‘We pledged not to eat each other’

The family that was shipwrecked for 38 days -
By Simon Hattenstone in The Guardian

In 1972, while travelling the world, the Robertsons’ boat was attacked by whales. They found themselves adrift for weeks on a tiny raft, forced to drink turtle blood, kill sharks and use enemas to stay hydrated, while fighting for their lives

It was 10am on a choppy morning at sea when 18-year-old Douglas Robertson heard a bang. Then another. And another. Their 13-metre (43ft) wooden schooner Lucette had been lifted out of the sea. “I thought: What the hell was that? We must have gone aground.” He looked at his father and discovered he was ankle-deep in water. Then he looked over his shoulder to the vastness of the Pacific. “There were three orcas; a daddy, mummy and a baby in between. The daddy’s head was split open and bleeding badly.”
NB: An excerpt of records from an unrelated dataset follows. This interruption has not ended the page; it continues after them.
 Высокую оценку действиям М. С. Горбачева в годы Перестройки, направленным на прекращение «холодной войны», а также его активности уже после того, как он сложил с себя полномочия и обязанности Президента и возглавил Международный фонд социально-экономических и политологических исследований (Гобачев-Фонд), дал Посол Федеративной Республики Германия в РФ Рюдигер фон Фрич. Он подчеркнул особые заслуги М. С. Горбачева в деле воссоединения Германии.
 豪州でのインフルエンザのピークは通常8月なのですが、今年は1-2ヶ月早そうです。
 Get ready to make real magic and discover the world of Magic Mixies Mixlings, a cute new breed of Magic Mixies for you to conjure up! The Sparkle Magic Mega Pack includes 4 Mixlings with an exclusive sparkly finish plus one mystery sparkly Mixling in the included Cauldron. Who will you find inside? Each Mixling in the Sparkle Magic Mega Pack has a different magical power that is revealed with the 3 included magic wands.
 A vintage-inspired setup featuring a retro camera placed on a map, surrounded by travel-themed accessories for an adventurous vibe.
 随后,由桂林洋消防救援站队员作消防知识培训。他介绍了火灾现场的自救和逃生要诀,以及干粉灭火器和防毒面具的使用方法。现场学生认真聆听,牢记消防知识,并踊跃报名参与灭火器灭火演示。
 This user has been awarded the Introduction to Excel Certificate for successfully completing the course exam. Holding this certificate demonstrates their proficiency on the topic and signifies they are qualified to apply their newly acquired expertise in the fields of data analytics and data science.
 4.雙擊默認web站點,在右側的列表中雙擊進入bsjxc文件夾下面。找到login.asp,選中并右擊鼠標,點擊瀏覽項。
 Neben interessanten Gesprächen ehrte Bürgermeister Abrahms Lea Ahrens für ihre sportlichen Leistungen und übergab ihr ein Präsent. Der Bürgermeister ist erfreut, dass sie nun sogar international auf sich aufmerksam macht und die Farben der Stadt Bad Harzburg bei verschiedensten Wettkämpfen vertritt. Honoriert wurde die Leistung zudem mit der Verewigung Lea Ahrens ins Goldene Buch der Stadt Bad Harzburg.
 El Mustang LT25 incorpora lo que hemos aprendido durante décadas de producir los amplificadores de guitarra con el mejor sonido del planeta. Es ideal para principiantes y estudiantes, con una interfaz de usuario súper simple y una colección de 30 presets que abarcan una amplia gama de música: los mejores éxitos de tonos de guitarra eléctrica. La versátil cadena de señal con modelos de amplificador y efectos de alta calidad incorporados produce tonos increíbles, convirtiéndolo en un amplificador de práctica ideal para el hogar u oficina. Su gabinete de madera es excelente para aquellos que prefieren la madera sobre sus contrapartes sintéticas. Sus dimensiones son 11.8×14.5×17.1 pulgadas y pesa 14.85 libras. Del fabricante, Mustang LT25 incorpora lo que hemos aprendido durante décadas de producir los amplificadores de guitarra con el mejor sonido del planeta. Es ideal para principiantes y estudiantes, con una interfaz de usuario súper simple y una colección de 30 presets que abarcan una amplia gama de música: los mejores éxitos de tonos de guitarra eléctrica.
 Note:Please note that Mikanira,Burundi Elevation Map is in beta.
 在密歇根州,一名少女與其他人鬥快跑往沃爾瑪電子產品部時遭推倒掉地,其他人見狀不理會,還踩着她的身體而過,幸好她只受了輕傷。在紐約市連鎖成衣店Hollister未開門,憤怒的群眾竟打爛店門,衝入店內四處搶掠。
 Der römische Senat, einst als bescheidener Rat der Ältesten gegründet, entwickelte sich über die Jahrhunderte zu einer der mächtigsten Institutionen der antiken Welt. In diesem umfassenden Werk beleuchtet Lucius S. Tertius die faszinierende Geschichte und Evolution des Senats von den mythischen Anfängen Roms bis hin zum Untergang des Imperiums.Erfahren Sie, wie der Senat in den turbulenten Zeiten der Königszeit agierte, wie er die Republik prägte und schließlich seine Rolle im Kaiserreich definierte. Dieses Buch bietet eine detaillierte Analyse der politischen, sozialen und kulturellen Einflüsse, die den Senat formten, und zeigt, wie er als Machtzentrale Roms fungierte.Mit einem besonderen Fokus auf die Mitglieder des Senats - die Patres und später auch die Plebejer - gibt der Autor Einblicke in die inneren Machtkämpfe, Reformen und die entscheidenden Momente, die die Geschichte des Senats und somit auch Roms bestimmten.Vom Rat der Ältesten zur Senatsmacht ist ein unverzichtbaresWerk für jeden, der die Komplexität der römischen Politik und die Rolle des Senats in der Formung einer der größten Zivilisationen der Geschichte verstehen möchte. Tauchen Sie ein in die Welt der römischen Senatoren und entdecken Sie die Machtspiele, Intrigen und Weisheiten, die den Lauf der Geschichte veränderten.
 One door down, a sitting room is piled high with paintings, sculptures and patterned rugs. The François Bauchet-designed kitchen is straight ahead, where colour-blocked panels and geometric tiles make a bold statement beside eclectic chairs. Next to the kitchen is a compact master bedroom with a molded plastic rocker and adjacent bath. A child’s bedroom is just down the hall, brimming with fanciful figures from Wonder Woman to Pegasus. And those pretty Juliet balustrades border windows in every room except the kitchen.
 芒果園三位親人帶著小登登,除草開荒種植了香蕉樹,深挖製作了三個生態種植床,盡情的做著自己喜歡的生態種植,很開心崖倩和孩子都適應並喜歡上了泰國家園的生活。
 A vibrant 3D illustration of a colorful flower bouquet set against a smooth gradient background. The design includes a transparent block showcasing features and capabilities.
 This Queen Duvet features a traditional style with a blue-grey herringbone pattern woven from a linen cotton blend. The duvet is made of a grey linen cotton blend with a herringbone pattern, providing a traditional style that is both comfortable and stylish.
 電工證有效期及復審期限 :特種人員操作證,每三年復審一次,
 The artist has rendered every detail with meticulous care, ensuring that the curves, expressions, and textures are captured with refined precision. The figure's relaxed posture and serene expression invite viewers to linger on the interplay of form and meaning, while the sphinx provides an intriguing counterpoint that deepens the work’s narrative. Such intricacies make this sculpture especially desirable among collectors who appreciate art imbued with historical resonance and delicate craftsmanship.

He turned back to his father, who was now knee-deep in water. It was only then that it dawned on him what had happened. The whales had attacked the schooner. “Dougal said: ‘Abandon ship, we’re sinking!’” Douglas, who had a complex relationship with the father he adored and feared, always calls him by his first name. “I said: ‘Abandon ship? We’re not in the marina, we’re in the middle of the Pacific Ocean. Abandon ship to where?’ Dougal said: ‘Over there.’ He pointed to the ocean. And I thought, he means it, he bloody well means it.”

The family’s wooden schooner LUCETTE in Las Palmas.